Almost everyone has a person in their environment who always and constantly ends up with the wrong partner. Researchers conducted various studies to investigate why this could be and came to the conclusion that it has to do with the way we make the decision for or against love.

Several studies have examined how we choose our partners. Researcher Peter M. Todd discovered during a speed dating event that people who are under time pressure to make decisions for or against getting to know someone create a discrepancy between the desired wishes and characteristics of a potential partner and the choice made.

For the men, the researcher was able to clearly define that they made their selection primarily based on the woman’s appearance. The women’s decision was also based on the visual attributes of the other person. However, it also played a role in her choice how much the person describes a connection to the family and partner. In another study, researcher Alison P. Lenton also came to the conclusion: the less time, the more optical matters.

A stalemate in times of online dating and possibly a reason why it is so difficult to find the right partner in the digital world.

A study by Lucrezia Savioni examined the way we think about love using the cognitive systems researched by Kahneman and Tversky.
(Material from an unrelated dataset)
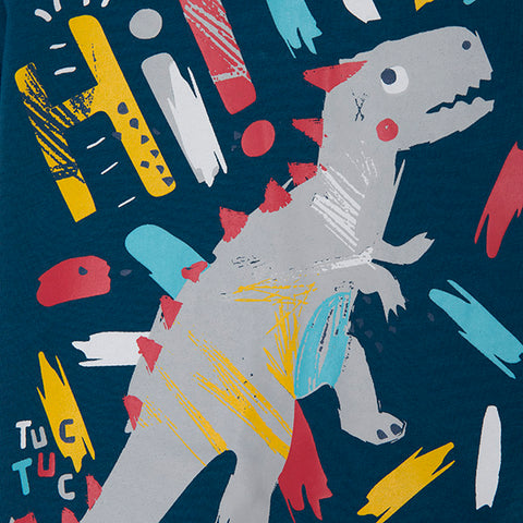 Completo due pezzi della Linea Abbigliamento Bambino Tuc Tuc composto di pantaloncino con elastico in vita e laccetti e t-shirt con bottoncini isulla spalla e stampa di dinosauro sul davanti.

System 1 stands for fast, unconscious and intuitive cognitive processes that occur automatically and emotionally. System 2 is a slower, rule-based cognitive system that works consciously and with a long-term focus. When it comes to love, the researcher found a clear answer, which is that System 1 decision-making predominates in love and partner decisions. People place more value on their feelings towards potential partners than on rational decisions.
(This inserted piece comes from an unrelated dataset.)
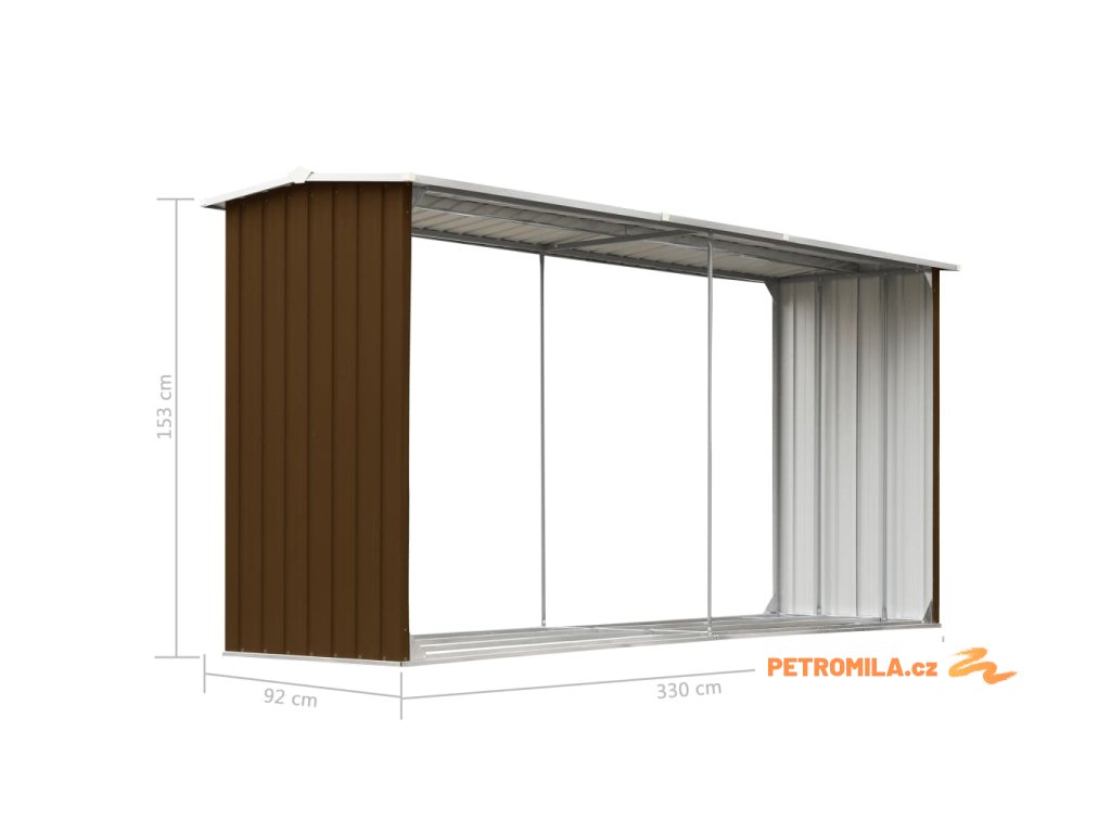 Zahradní kůlna na dříví pozinkovaná ocel 330x92x153 cm hnědá

Psychology Today magazine writes that the divorce rate in the United States is currently 40 to 50 percent. Even higher for second and third marriages. Psychologists describe in the magazine that most people become emotionally cognitively conditioned in early childhood. The largely irrational process in young children’s behavior leads to emotional reactions in other people. It is similar to how System 1 Insights works quickly.

This leads to irrational love decisions even in adulthood. The psychologists write: “Our impression is that people are often unable to switch to a more rational Type 2 decision-making style when emotions are activated, such as when choosing a partner.”

In short, you can say that for many people, the brain stops working as soon as the feelings start. The only way to avoid this is to try to take your time when making decisions regarding your choice of partner and to always listen to your head. What goals do you pursue, what wishes do you have for your counterpart and are they actually fulfilled? Or do you perhaps look through rose-colored glasses and ignore the judgment of your mind? The more emotionally controlled a person is, the harder it will be to find the right partner.